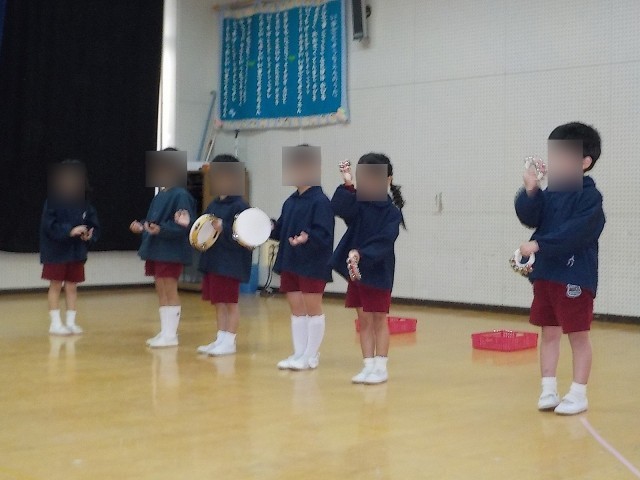 歌と楽器遊びでは、『おおさむこさむ』『わらいごえっていいな』を歌ったり、『白くまのジェンガ』に合わせて三つの楽器を鳴らしたりしました。オープ二ングで舞台に出て少し緊張が解けたさくら組の子どもたちは、元気いっぱい楽しんで歌ったり、リズムをそろえて楽器遊びをしたりしていました。みんなと声や音を合わせることができてとても嬉しそうにしており、次の劇遊びへの期待も高めていました。
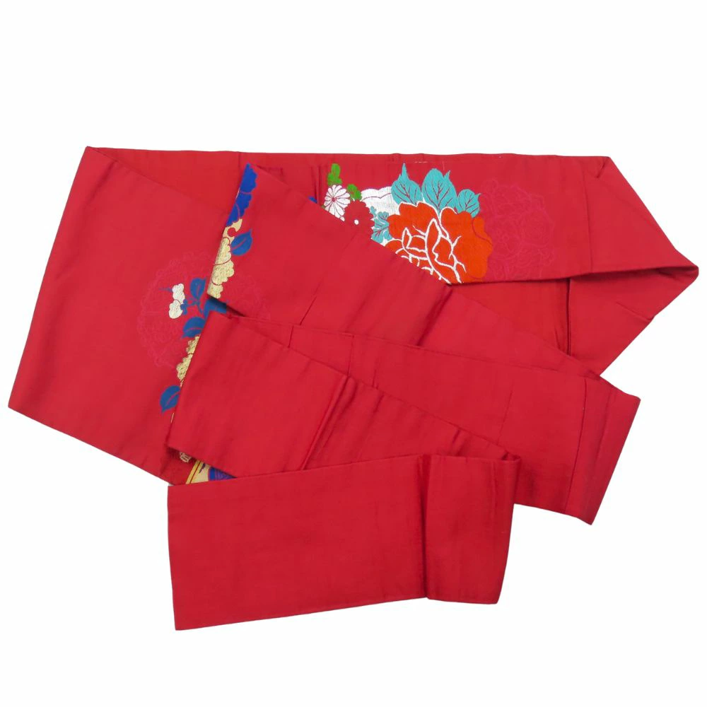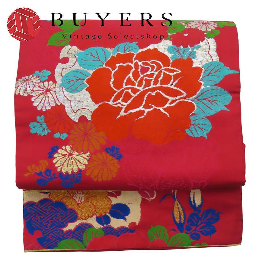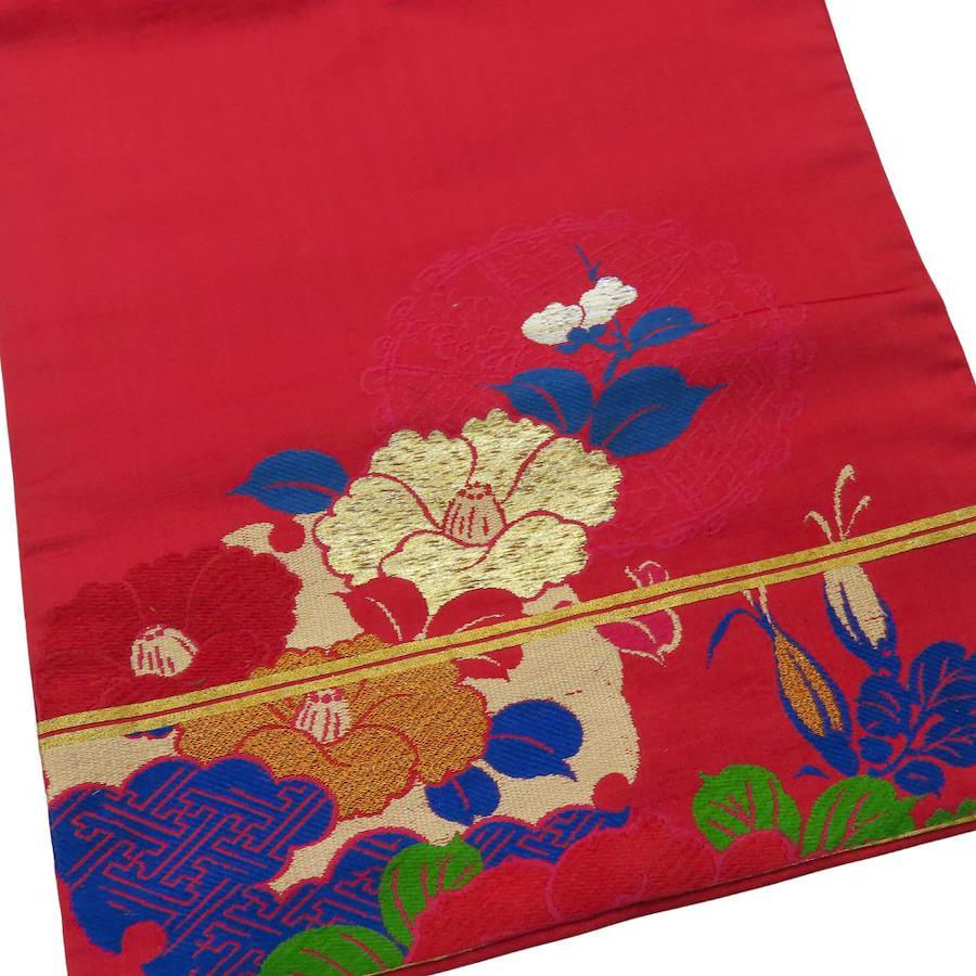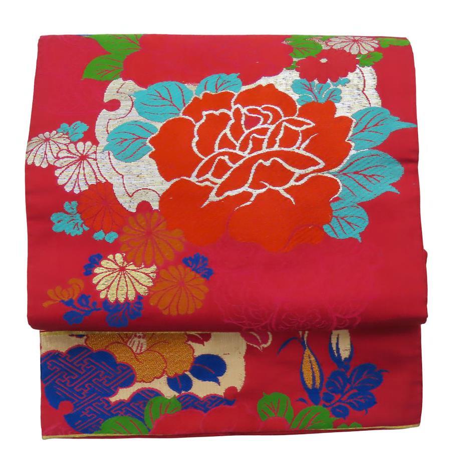 | 品名 | 【中古】 名古屋帯 正絹(金銀糸除く) 赤系 マルチカラー ピンク系 金銀 名古屋仕立て レディース 女性 |
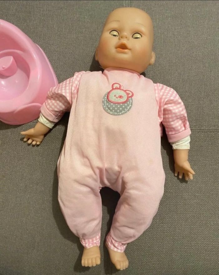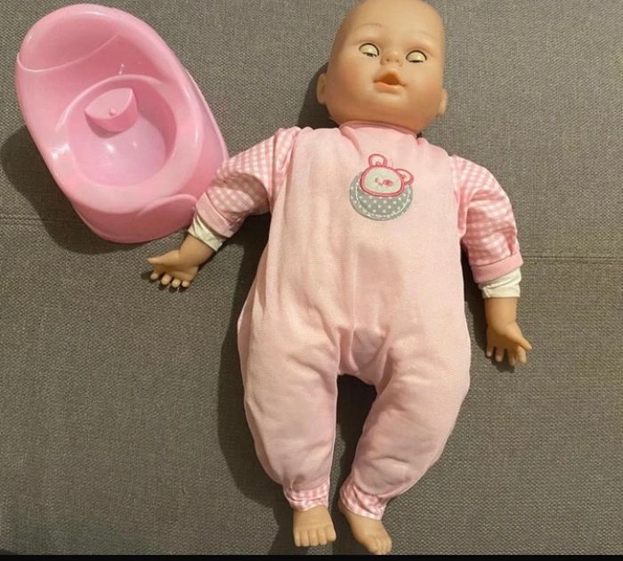 Bébé qui parle d’environ 45 cm avec un pot Le bonnet est accroché à la tenue Fonctionne très bien Tache sur le pyjama (voir photo) Vous achetez ce qui se trouve sur les photos
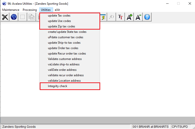 available from the System Utilities-> Avalara/Vertex Integration-> Utilities-> Integrity Check menu option.
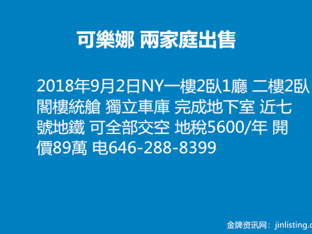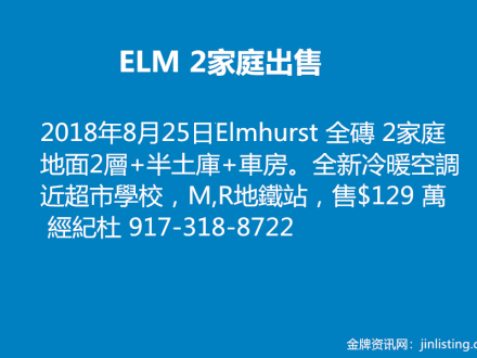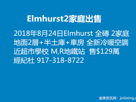 *******ELM.全磚吉屋自售***718-424-6408 或 347-421-7504
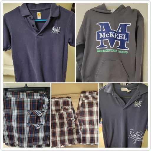 McKeel Academy jackets with hood Adult small $10 Skrits with shorts $5.00 each size Youth 14, 12, 10 1/2? Shirt size LG and Xlg youth $5 each. Jackets $10
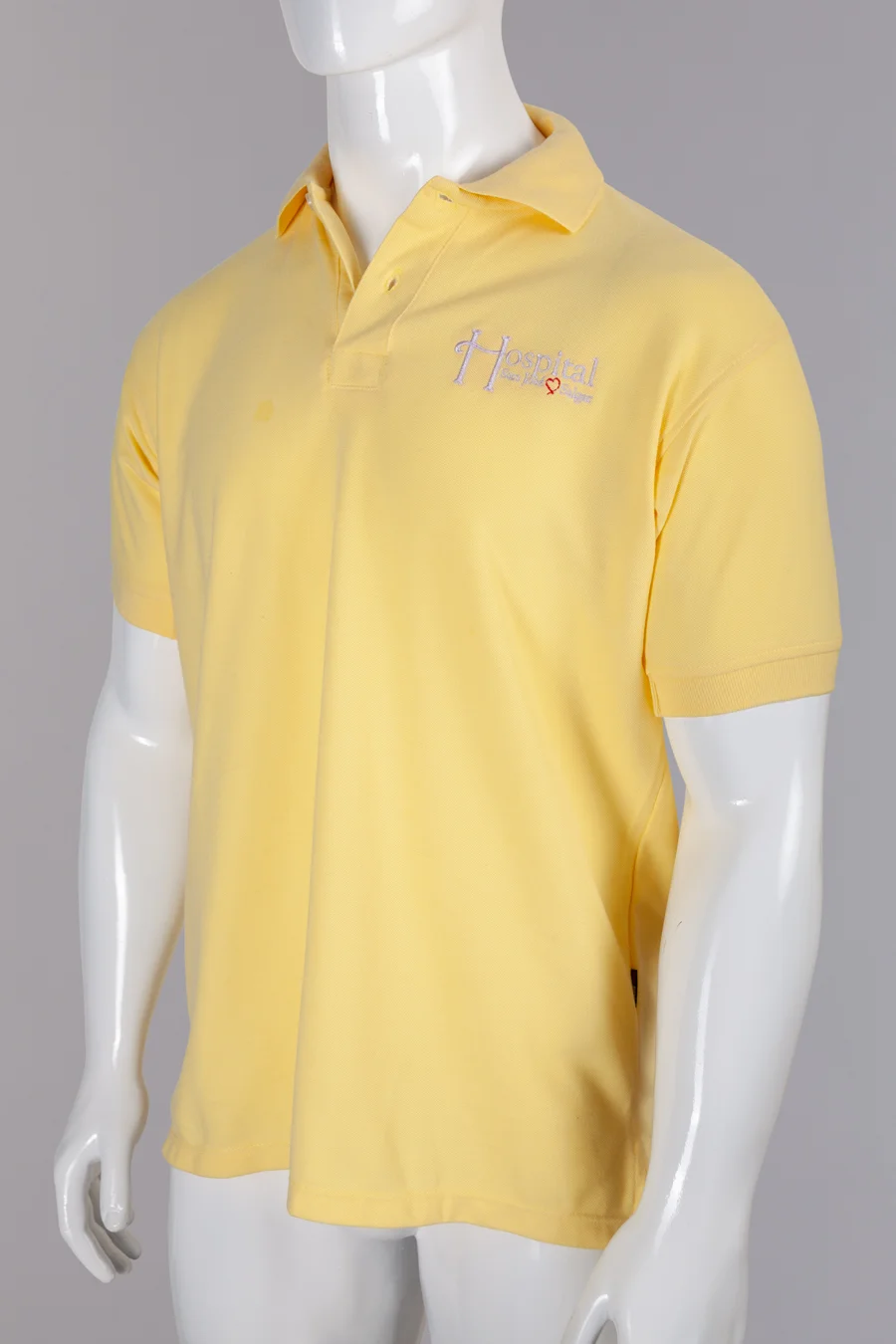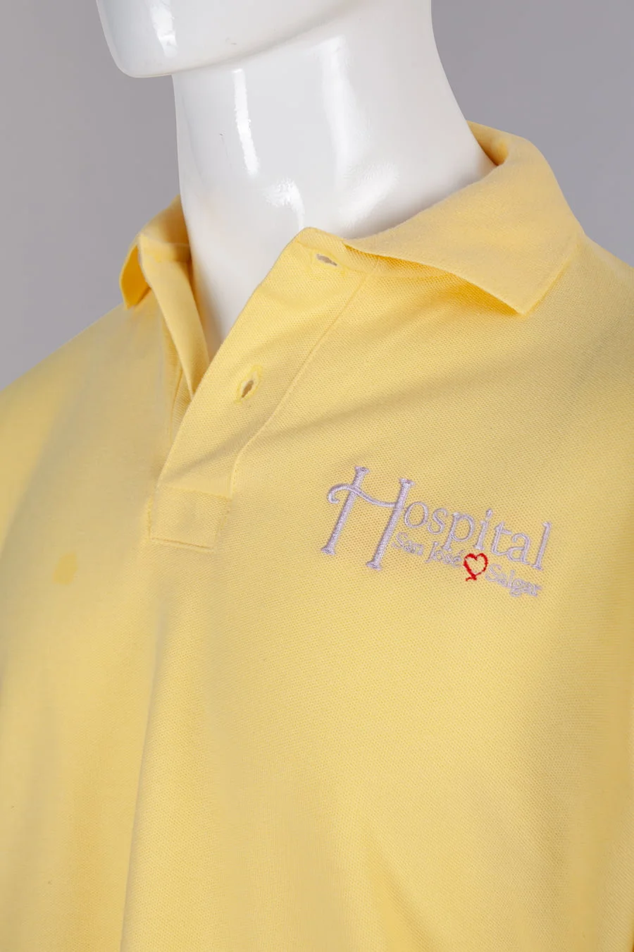 Polo en tela pique de 240 gramos, manga corta con cuello y puño tejido, composición 65% poliéster y 35% algodón
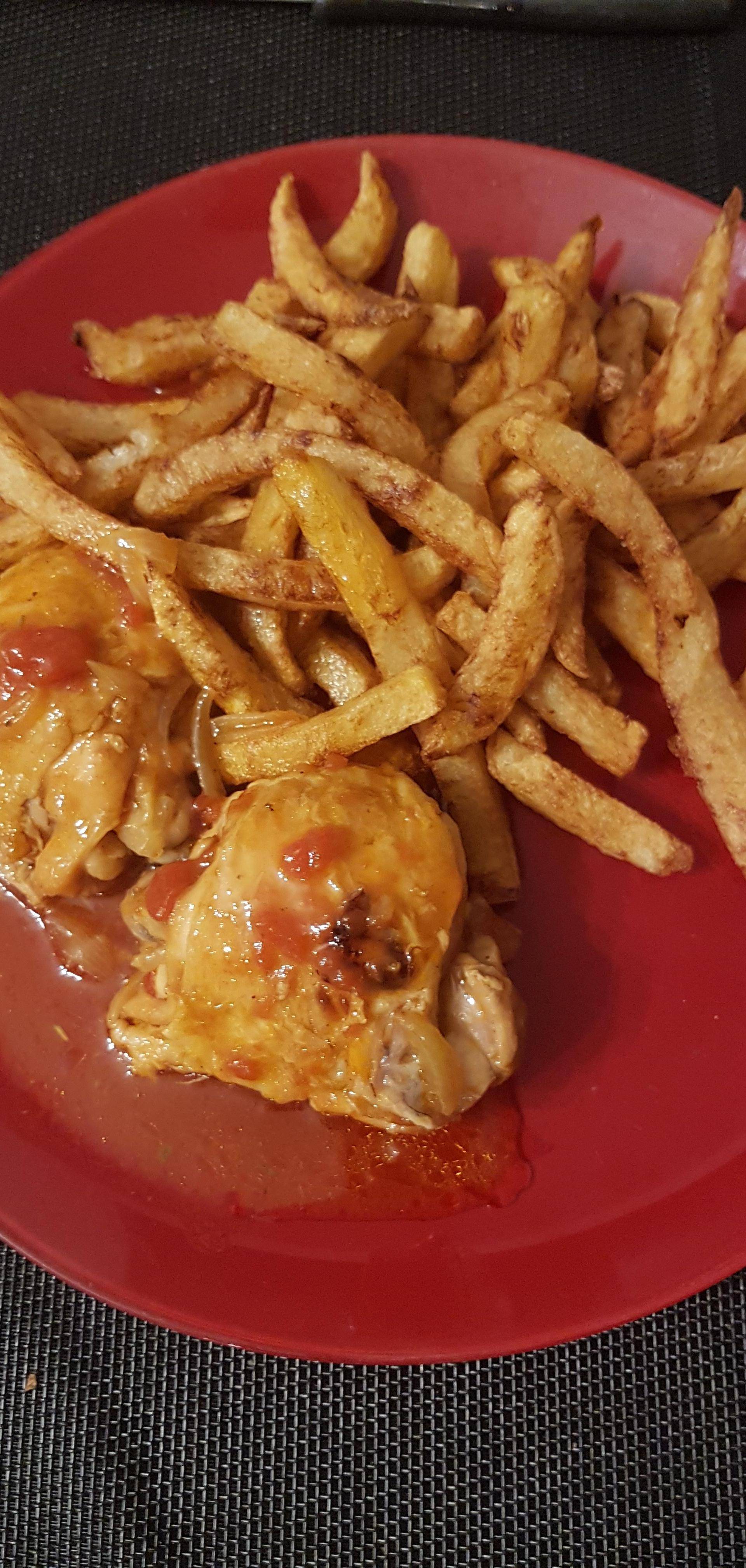 Ajouter les cuisses de poulet, le fond de veau, le ketchup, les herbes de Provence et l'eau, une pincée de sel et de poivre. Mettre en cuisson sous pression 16mn
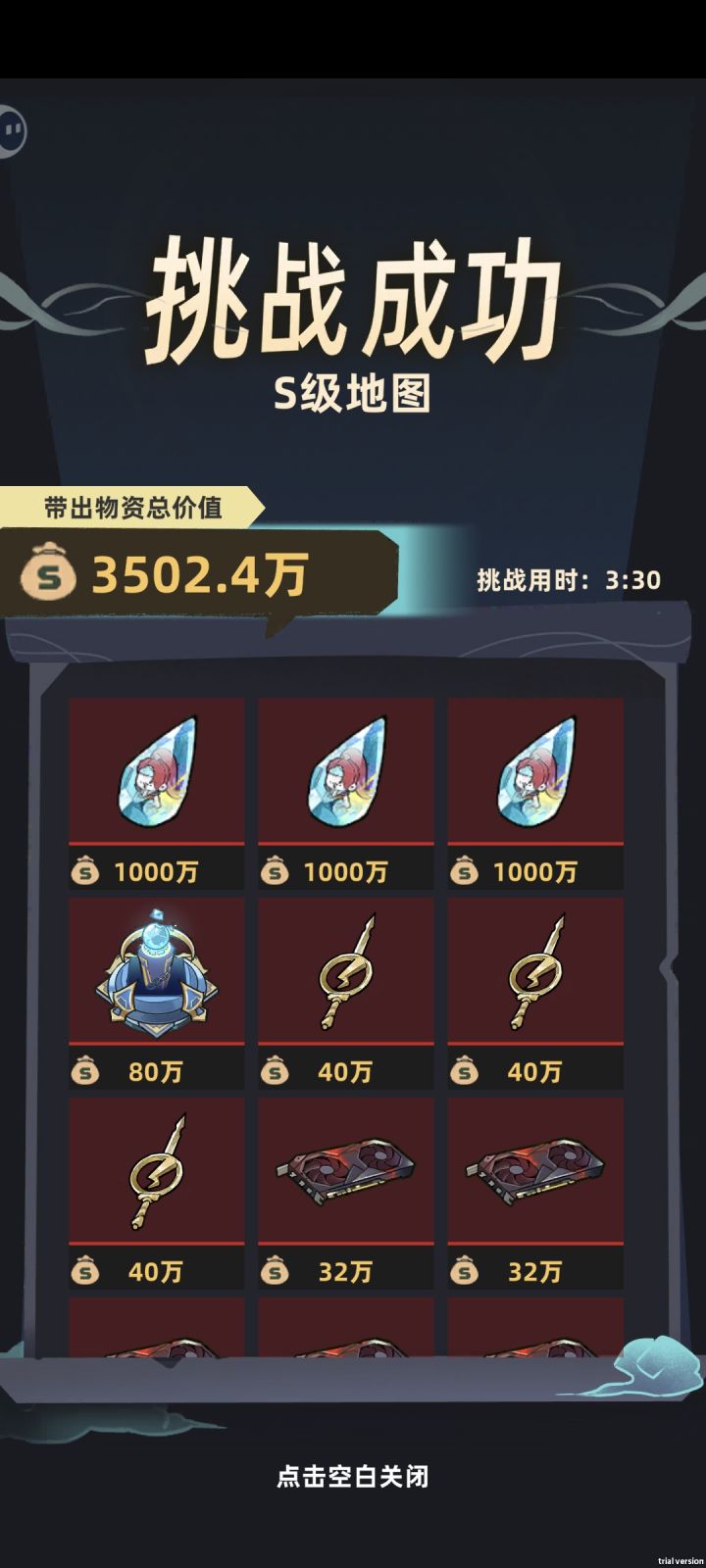 总体评价:作为搜打撤的小游戏,总体做的还是有板有眼的。平常没事可以玩两局消遣消遣。后期把打的部分完善一下,如果条件允许,作者可以加个pvp。毕竟王者+搜打撤的组合,做得好的话这游戏会是王炸
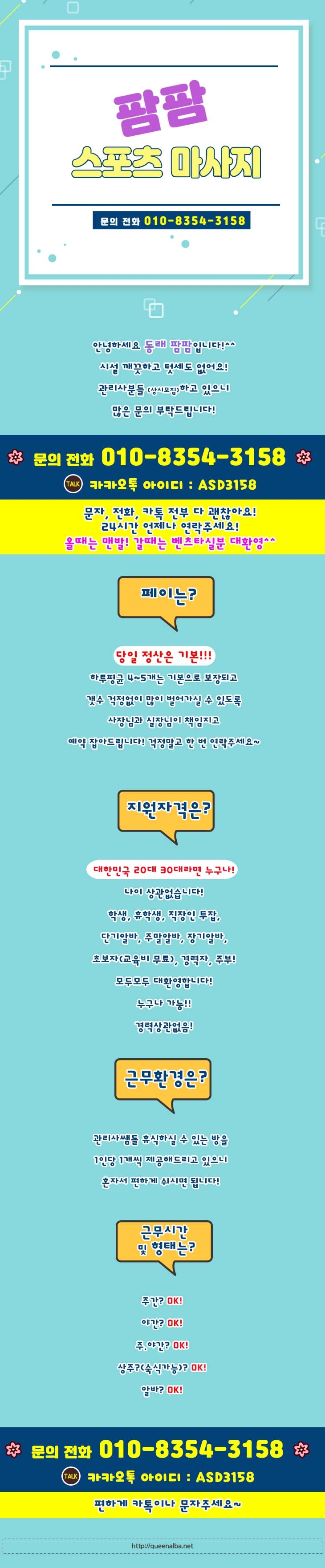 본 정보는 팜팜 스포츠 마사지님이 작성한 자료이며, 팜팜 스포츠 마사지님이 직접 등록한 이미지의 저작권 및 팜팜 스포츠 마사지님이 게재한 자료에 대한 오류 및 지연, 그 내용을 신뢰하여 취해진 조치에 대해 책임을 지지 않습니다. 본 정보는 엄지알바 동의 없이 재배포 할 수 없습니다.
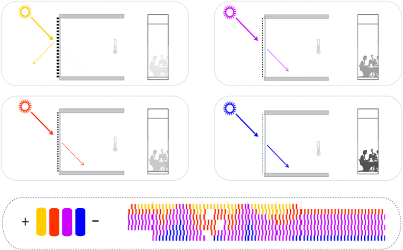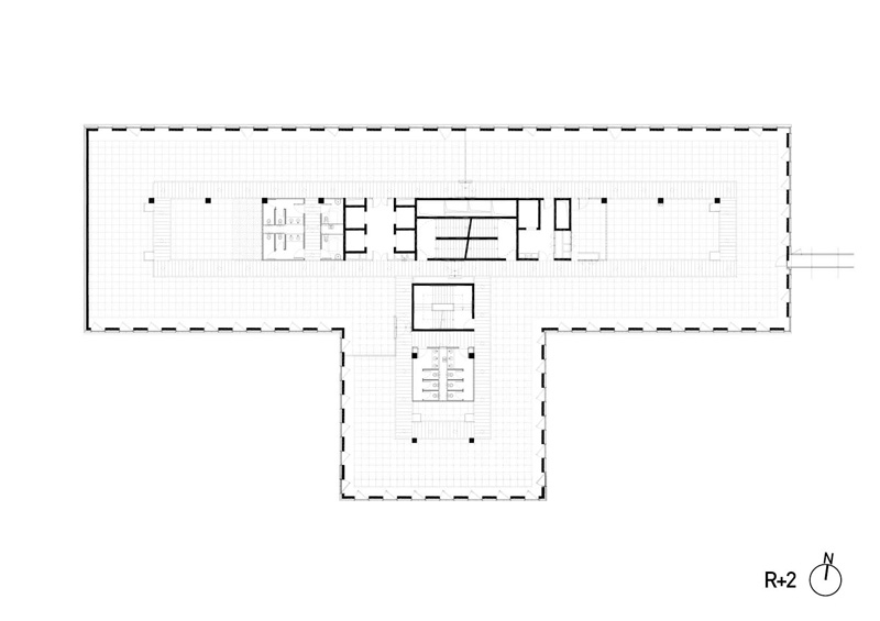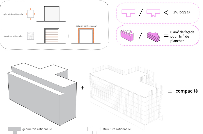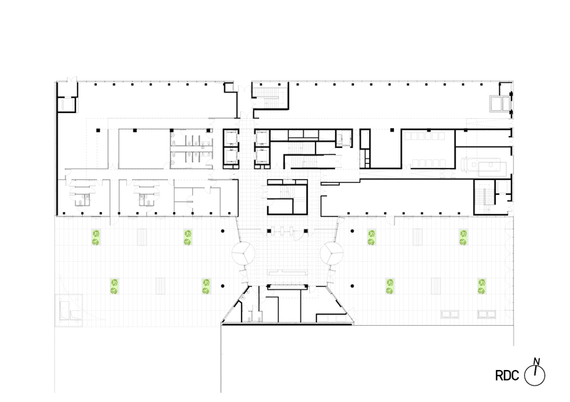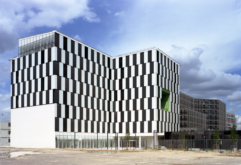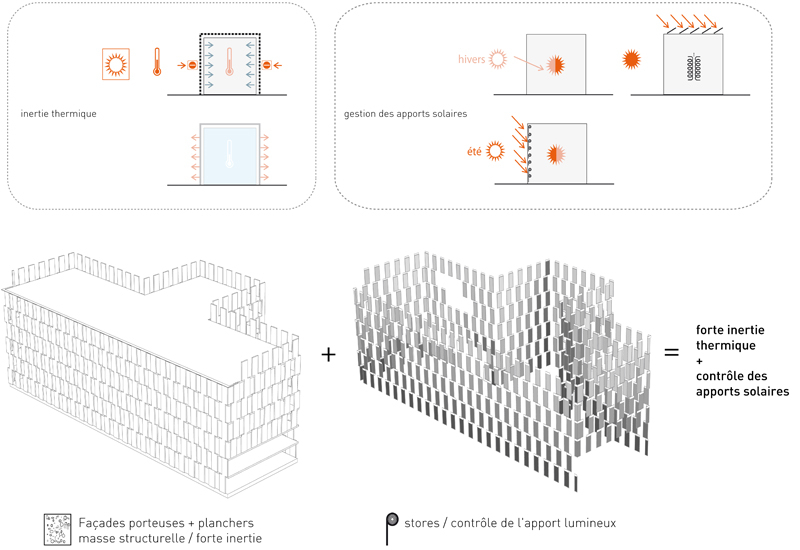 Nous avons cherché, dans les limites des contraintes d’un programme tertiaire ambitieux, à générer un bâtiment à forte compacité présentant un rapport entre surface d’enveloppe et surface de plancher le plus performant possible.La nature même de cette enveloppe conforte cette stratégie énergétique. Il s’agit d’une façade porteuse, isolée par l’extérieur et habillée d’une peau de verre ventilée naturellement. Ce type d’enveloppe épaisse confère au bâtiment une excellente inertie thermique en limitant les échanges de température entre l’intérieur et l’extérieur tout en lissant les cycles thermiques. L’enveloppe exprime par son écriture architecturale le rapport critique [ plein/vide = environ 50%] par l’alternance systématique d’un module de façade opaque avec un module transparent de dimensions sensiblement identiques.

········

*TRY IT:* Extract the part of the records that opens with the line containing "Polo en tela" and closes with the line containing "본 정보는 팜팜 스포츠". Take only those lines, exactly, and no pictures.

*ANSWER TO THE EXERCISE:*
 Polo en tela pique de 240 gramos, manga corta con cuello y puño tejido, composición 65% poliéster y 35% algodón
 Ajouter les cuisses de poulet, le fond de veau, le ketchup, les herbes de Provence et l'eau, une pincée de sel et de poivre. Mettre en cuisson sous pression 16mn
 总体评价:作为搜打撤的小游戏,总体做的还是有板有眼的。平常没事可以玩两局消遣消遣。后期把打的部分完善一下,如果条件允许,作者可以加个pvp。毕竟王者+搜打撤的组合,做得好的话这游戏会是王炸
 본 정보는 팜팜 스포츠 마사지님이 작성한 자료이며, 팜팜 스포츠 마사지님이 직접 등록한 이미지의 저작권 및 팜팜 스포츠 마사지님이 게재한 자료에 대한 오류 및 지연, 그 내용을 신뢰하여 취해진 조치에 대해 책임을 지지 않습니다. 본 정보는 엄지알바 동의 없이 재배포 할 수 없습니다.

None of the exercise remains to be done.